Wednesday 16 December 2020


THE suspension of two Harare City Council directors — Cainos Chingombe and Tendai Kwenda — three years ago was lawful, the Supreme Court has ruled in the case of the two, who are now facing charges of criminal abuse of office.

They were reinstated in November after three years on suspension, but it was short-lived as they were arrested a few weeks back for criminal abuse of office and defrauding the local authority of millions of dollars.

Chingombe is human capital development director, while Kwenda is the finance director.

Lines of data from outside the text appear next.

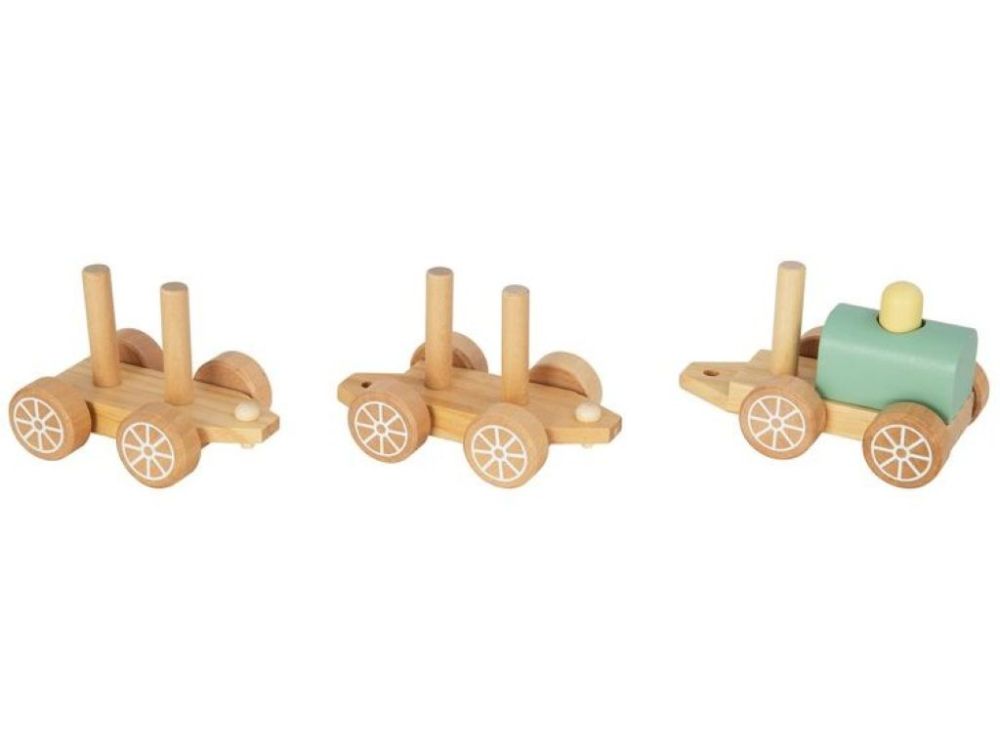 Vláčik je vyrobený z kvalitných prírodných materiálov, čo zaručuje jeho bezpečnosť a dlhú životnosť. Multifunkčný dizajn ponúka rôzne spôsoby hrania a podporuje rozvoj schopností aj kreativitu detí.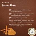 • Anti-inflammatory Properties: Cinnamon powder is known for its ability to reduce inflammation in the body, which can help with conditions like arthritis or joint pain., Rich in Nutrients: It contains important nutrients like fiber, calcium, iron, and manganese, contributing to overall health and wellness., Natural Sweetener: Due to its natural sweetness, cinnamon powder can be used as a sugar substitute in recipes, making it a great option for those looking to reduce sugar intake., Heart Health: Regular consumption of cinnamon powder may contribute to heart health by helping to reduce cholesterol levels and improve circulation., Versatile in Cooking: Apart from its use in traditional Indian cuisine, cinnamon powder can be added to smoothies, oatmeal, baked goods, and even savory dishes for a unique flavor.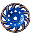 Uitvoering: deze diamantkomschijf heeft boomerangvormige segmenten met maximale afzuigmogelijkheid door de grote stofafvoergaten. De boomerangvorm maakt het mogelijk om moeilijk bereikbare plaatsen te slijpen. De speciaal ontworpen segmentbinding zorgt voor een snelle slijpsnelheid.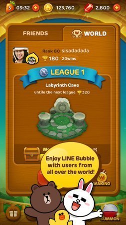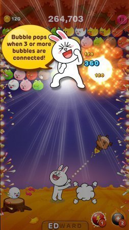 LINE Bubble – занимательная аркадная игрушка на базу андроид, в которой необходимо соперничать с товарищами. На игровом поле представлены цветные шарики. Тебе предоставляется рогатка с шаром. Запусти данный шарик вверх, чтобы получить цепочку из трех и выше шариков. Игрушка выступает замечательным тайм киллером, которая долгое время будет находится на твоем устройстве так как в нее можно играть долго. Игрушка увы не русифицирована.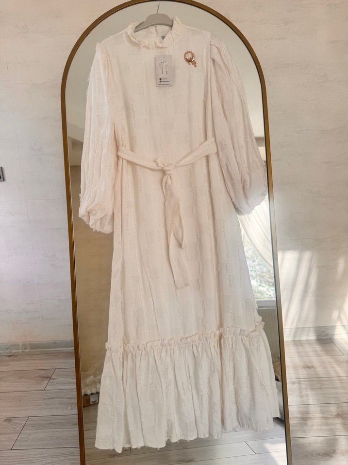 Uzun beyaz keten elbise, fırfırlı detaylar, yüksek yakalı ve askılı kollu, bol kesim bohem tarzda, düğünler için de doğum günü tarzı veya tatillerde rahatlıkla tercih edebilirsiniz instagram butik sayfamı kapatıyorum ürünlerimi zararına yükledim elimden çıkarıyorum bu fiyatlara kaçırmayın bu elbisenin 1 ve 3 bedeni kaldı sadece 1 beden 36 3 beden 42 bedenle uyumludur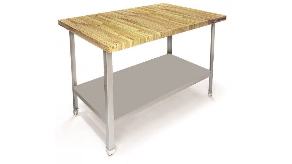 1500 × 800 × 875, разборный каркас из нержавеющего уголка толщиной 1,5 мм (сталь AISI 430); спрлошная полка-накладка из нержавеющей стали AISI 430, толщиной 0,5 мм; бук H=40 мм. V, м3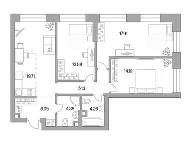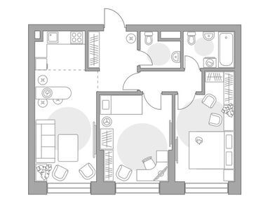 Квартирография комплекса включает в себя лоты с классической планировкой и евроформата площадью от 30 до 104 кв. м. В Mypriority Paveletskaya можно купить студию, квартиру с 1–3 изолированными спальнями, с гардеробной и гостевым санузлом. Высота потолков во всех помещениях 3 м.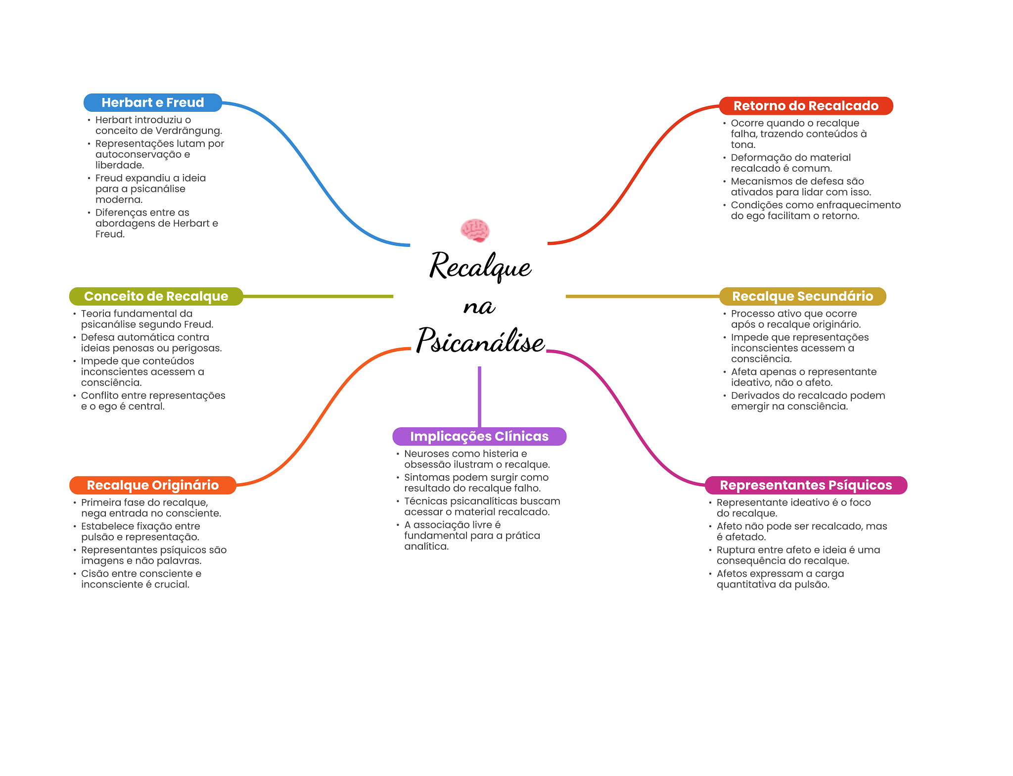 Herbart e Freud Retorno do Recalcado Herbart introduziu Ocorre quando recalque conceito de Verdrängung. falha, trazendo conteúdos à Representações lutam por tona. autoconservação e Deformação do material liberdade. recalcado é comum. Freud expandiu a ideia Mecanismos de defesa são para a psicanálise ativados para lidar com isso. moderna. Condições como enfraquecimento Diferenças entre as do ego facilitam retorno. abordagens de Herbart e Freud. Recalque Conceito de Recalque Recalque Secundário Teoria fundamental da na Processo ativo que ocorre psicanálise segundo Freud. após recalque originário. Defesa automática contra ideias penosas ou perigosas. Psicanálise Impede que representações inconscientes acessem a Impede que conteúdos consciência. inconscientes acessem a Afeta apenas representante consciência. ideativo, não O afeto. Conflito entre representações Derivados do recalcado podem e O ego é central. emergir na consciência. Implicações Clínicas Neuroses como histeria e obsessão ilustram recalque. Sintomas podem surgir como Recalque Originário resultado do recalque falho. Representantes Psíquicos Primeira fase do recalque, Técnicas psicanalíticas buscam Representante ideativo é foco nega entrada no consciente. acessar material recalcado. do recalque. Estabelece fixação entre A associação livre é Afeto não pode ser recalcado, mas pulsão e representação. fundamental para a prática é afetado. Representantes psíquicos são analítica. Ruptura entre afeto e ideia é uma imagens e não palavras. consequência do recalque. Cisão entre consciente e Afetos expressam a carga inconsciente é crucial. quantitativa da pulsão.
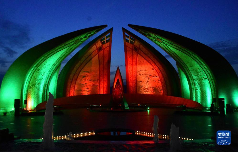 7月29日,巴基斯坦首都伊斯蘭堡的巴基斯坦紀念碑亮起中巴兩國國旗顏色的燈光,慶祝中巴經(jīng)濟走廊啟動(dòng)十周年。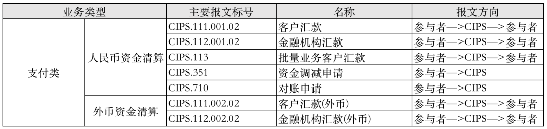 CIPS处理的业务包括支付类和信息类两大类。其中,支付业务包括客户汇款、金融机构汇款、批量业务和金融市场资金结算业务;信息业务包括查询业务等。以下是几个典型报文,后续仅以111客户汇款作为案例进行分析,其他的业务类型类似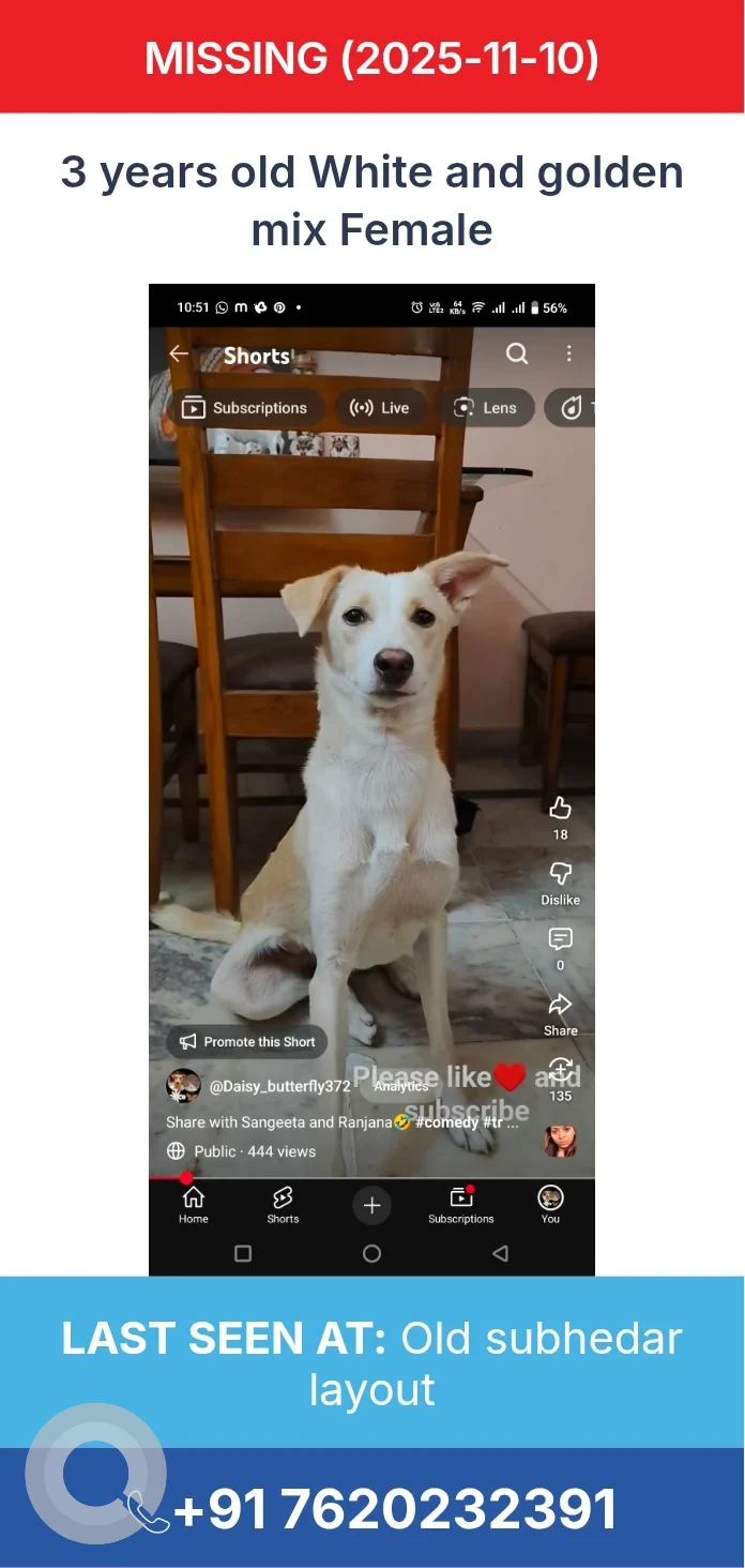 A Other Female Indie Dog Missing from 149, Old Subhedar Layout Main Rd, Old Subhedar Layout, Jawahar Nagar, Ayodhya Nagar, Nagpur, Maharashtra, 440024, India on 2025-11-10. Dog name is Daisy and quick identifications are One ear is tilt other is straight. If you have any information, please contact on information provided.

The decision to reinstate the pair was made during a full council meeting held in the council chambers in November.

The reinstatement was done despite a warning that had been issued by the Government to the local authority against reinstating officials with pending court cases.

Last week, the Supreme Court upheld the 2018 High Court decision rejecting the duo’s application in which they were challenging the validity of their suspension, but ruled that the High Court was offside for deciding the matter when it has no jurisdiction to do so.

Chingombe and Kwenda had approached the High Court seeking a determination of which employment law was applicable to the disciplinary action taken against them — the Urban Councils Act or the Labour Act with its attendant Labour (National Employment Code of Conduct) Regulations, SI 15 of 2006.

But the court threw out their application on the basis that the new Labour Act now applied to all employers and employees in this jurisdiction except those that it specifically excludes.

The Supreme Court agreed with the lower court, saying the city, which does not have a code of conduct for discipline purposes within the workplace, was correct to use Labour Act to deal with the two senior employees.

Justice Anne-Mary Gowora, who penned the judgment for the Appeals Court said the city was subject to Labour Act and had to comply with its provisions in all respect.

The local authority, she said, did not belong to the category of employers exempted from the application of the Labour Act.

“Thus, the city must have resort to the national code of conduct in the resolution of employment disputes, as the Urban Councils Act was not a code of conduct,” said Justice Gowora.

“As a consequence, the view I take is that what was before the court a quo was an issue dealing with an employment relationship and that is a dispute that falls for determination under the Labour Act by the Labour Court and other structures below it.”

Justice Gowora found that the High Court misdirected itself in assuming jurisdiction in the matter although the court came to the correct conclusion that it was the national code of conduct that applied in the  matter.

“It should have declined jurisdiction on the same basis resulting in the matter being struck off the roll for want of jurisdiction,” she said.

The duo had been suspended in 2017 together with then acting town clerk Mrs Josephine Ncube, and Dr Prosper Chonzi (Health Services) on allegations of financial abuse following a report by a tribunal set up to investigate council’s employment costs compliance.